Он любил эти развалины вопреки всей их неприглядности, чувствовал, что его тянет туда, как преступника к месту преступления, может быть, лишь потому, что пруд при заводе был его первым синим морем, и еще потому, что мальчиком он бродил там, внизу, изобретая невесть какие приключения. Завод уже тогда не работал, и здания, правда еще не разрушенные, находились в полном запустении. Козы, которых пасла четырнадцатилетняя девочка, объедали сорняки под его красными стенами. И однажды, в знойный полдень (но и это приключение уже стало ему чуждым, словно кто-то другой пережил его), пьяный от смертельного страха, пьяный от запахов глубины, на загорелом, жарком от солнца теле пастушки (он словно бы вел свое суденышко в открытое море) совершил он свое первое плавание в Несказанное.
Но не об этом он думал сейчас, на рассвете, пока шел за водой к колодцу, глядя, как — словно пролитая кровь — темнеют за дождевой пеленой стены кирпичного завода. Нет, не глаза первой возлюбленной — щелочки, полные слез, мерцающие и бледно-голубые, как дальние горизонты, — на него смотрели сейчас две черные дырки, два отверстия, два окна в руинах, до того пустые, что у человека перехватывало дыхание: глаза мертвого Ганса Хеллера.

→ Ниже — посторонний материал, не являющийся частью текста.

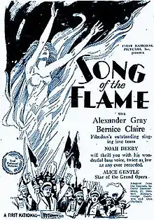 Song of the Flame is a 1930 American pre-Code musical film photographed entirely in Technicolor. Based on the 1925 operetta of the same name, the film features a screenplay by Gordon Rigby adapted from the musical book written by Oscar Hammerstein II and Otto A. Harbach for the operetta. The movies also features many of the songs from the operetta which used lyrics by Hammerstein and Orbach and music by George Gershwin and Herbert Stothart. The film was produced and distributed by First National Pictures. It was the first color film to feature a widescreen sequence, using a process called Vitascope, the trademark name for Warner Bros.' widescreen process. The film, based on the 1925 Broadway musical of the same name, was nominated for an Academy Award for Sound Recording (George Groves).[2] It is part of the tradition of operetta films, popular at the time.

Позднее он прочитал в крестьянском календаре, который иной раз покупал к рождеству у заезжего агента, на странице, посвященной ноябрю, под различными наставлениями для крестьян, такое изречение:
Когда в один из последующих дней (восемнадцатого или девятнадцатого) из туч несколько часов подряд лилась вода и внезапно поднявшийся ветер стал подсвистывать, как возница лошадям (тщетно: лошади больше мочиться не хотели), матрос ощутил потребность что-то сделать — хоть ноги поразмять, — а поскольку в нынешнем настроении ему ничего другого и в голову прийти не могло, решил пойти на кирпичный завод, чтобы уже при дневном свете хорошенько его осмотреть. В старом своем бушлате — он лучше всего себя чувствовал в нем, так как бушлат резко отделял его от всего окружающего, как бы поднимал его над серостью, в которой мы все растворялись, — он двинулся сквозь кусты вниз по склону, пересек блестевшее от слякоти шоссе и неторопливым шагом — куда ему было спешить? — приблизился к зловещему месту. Он отдавал себе отчет в бессмыслице этой затеи, ни минуты не тешил себя надеждой, что ему удастся там что-то обнаружить или что небеса ниспошлют ему внезапное наитие. Но сегодня, когда он шел, засунув руки в карманы и слегка раскачиваясь — как на прогулке, — ему вдруг показалось, что еще утром ему что-то встретится.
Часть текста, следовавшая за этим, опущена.